Nov. 9 (Bloomberg) -- German Chancellor Angela Merkel’s Cabinet backed tax cuts of 6.1 billion euros ($9.1 billion) in 2010, steps pledged before the Sept. 27 election to spur growth after the deepest economic recession since World War II.

The planned tax reductions need the approval of Germany’s 16 states, some of which have complained about revenue loss from the measures. Finance Minister Wolfgang Schaeuble said that he’s confident the tax cuts will be force from Jan. 1, he told ARD television yesterday.
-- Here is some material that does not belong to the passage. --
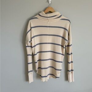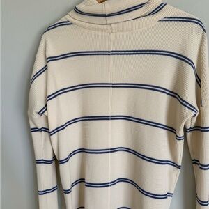 Elegant cream sweater with blue stripes. Features a cozy turtleneck. Ideal for casual wear.

The reductions, due to rise to a total 8.9 billion euros in 2012, come on top of about 10 billion euros in tax cuts approved in June by Merkel’s previous coalition of Christian Democrats and Social Democrats.
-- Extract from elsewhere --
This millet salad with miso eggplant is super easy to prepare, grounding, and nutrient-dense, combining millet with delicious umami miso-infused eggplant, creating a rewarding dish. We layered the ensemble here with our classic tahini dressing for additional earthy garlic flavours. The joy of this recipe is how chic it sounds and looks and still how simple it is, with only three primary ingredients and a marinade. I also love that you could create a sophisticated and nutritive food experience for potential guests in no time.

The 10 billion-euro package focuses on rebates for health and insurance payments. Below is a summary of the latest fiscal package agreed on by the Cabinet in Berlin, as outlined in an e- mail from the Finance Ministry:

-Children’s benefit: 20 euro increase per month per child for low and middle-income families. Tax-free allowance raised to 7,008 euros per annum per child from 6,024 euros.

-Expanding reductions in value-added tax to 7 percent from 19 percent to more services and goods offered by the hotel and gastronomy industry, such as overnight costs.

-Inheritance tax: amendment of law from Jan. 1 to ease inheritance-tax rates for smaller companies. The amendment reduces the number of years heirs need to maintain company staff levels to qualify for tax relief to 5 years from 7 years.

-Company tax: incorporated and private companies can claim more tax relief on losses and on interest payable on loans.

-Bio-diesel: plans to reduce subsidies for farmers who cultivate bio-diesel have been scrapped.